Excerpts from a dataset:
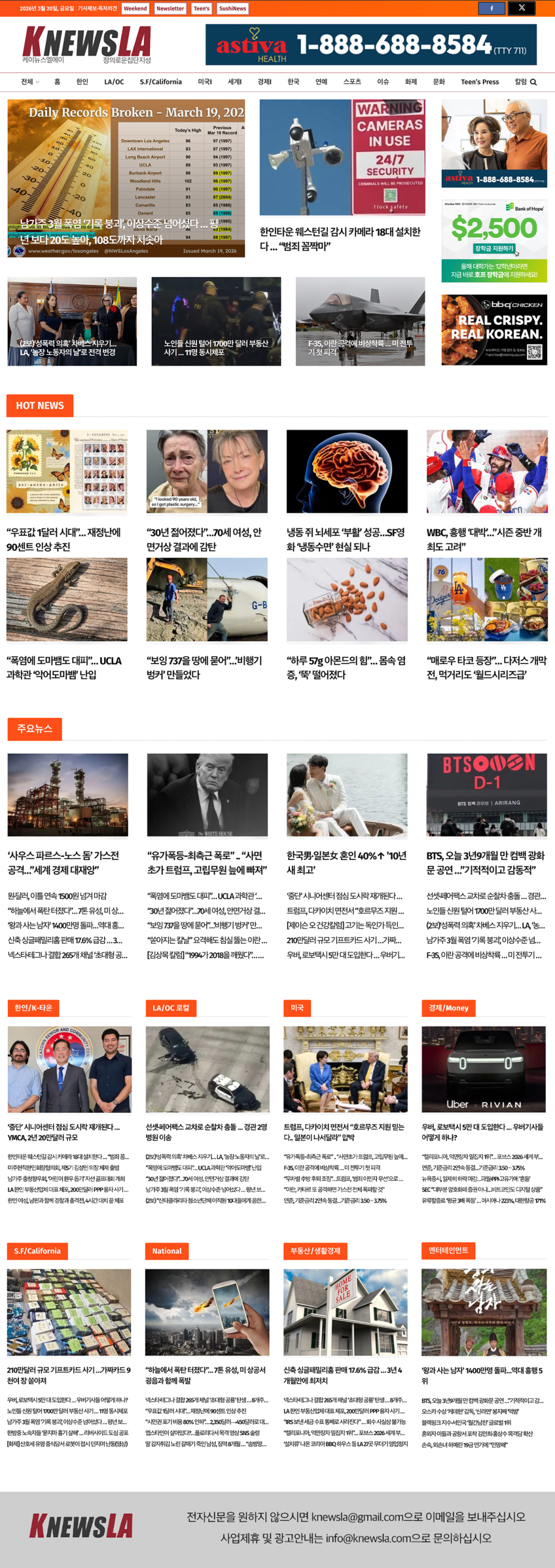 [K-News LA 뉴스레터] 2026년 3월 20일 금요일
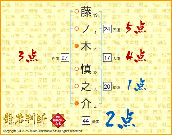 藤(19画)ノ(1画)木(4画) 慎(13画)之(3画)介(4画)
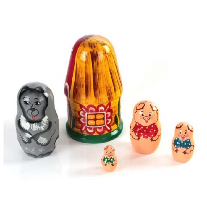 Деревянная матрешка Три поросенка 5 шт. Р-45/932
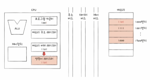 - 명령어 레지스터 : 해석할 명령어(방금 메모리에서 읽어 들인 명령어)를 저장
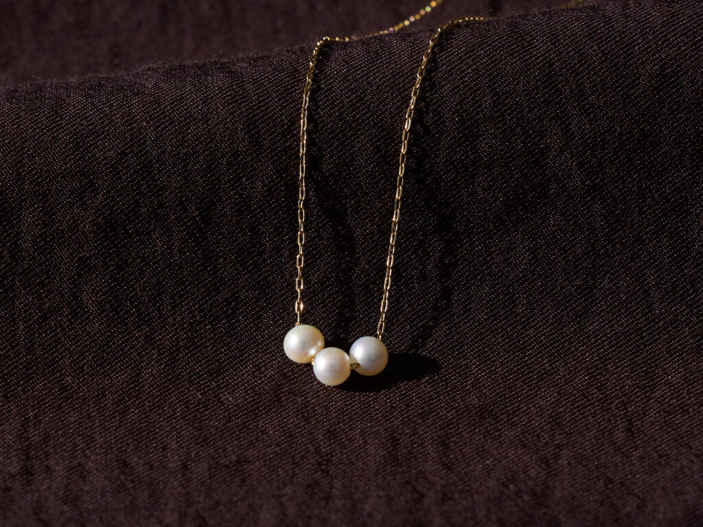 自由に動く3粒の光「K10YG パール ネックレス」

* [TASK INSTRUCTIONS]: If a record holds a picture, drop the picture and return the rest of it exactly.

* [SOLUTION]:
 [K-News LA 뉴스레터] 2026년 3월 20일 금요일
 藤(19画)ノ(1画)木(4画) 慎(13画)之(3画)介(4画)
 Деревянная матрешка Три поросенка 5 шт. Р-45/932
 - 명령어 레지스터 : 해석할 명령어(방금 메모리에서 읽어 들인 명령어)를 저장
 自由に動く3粒の光「K10YG パール ネックレス」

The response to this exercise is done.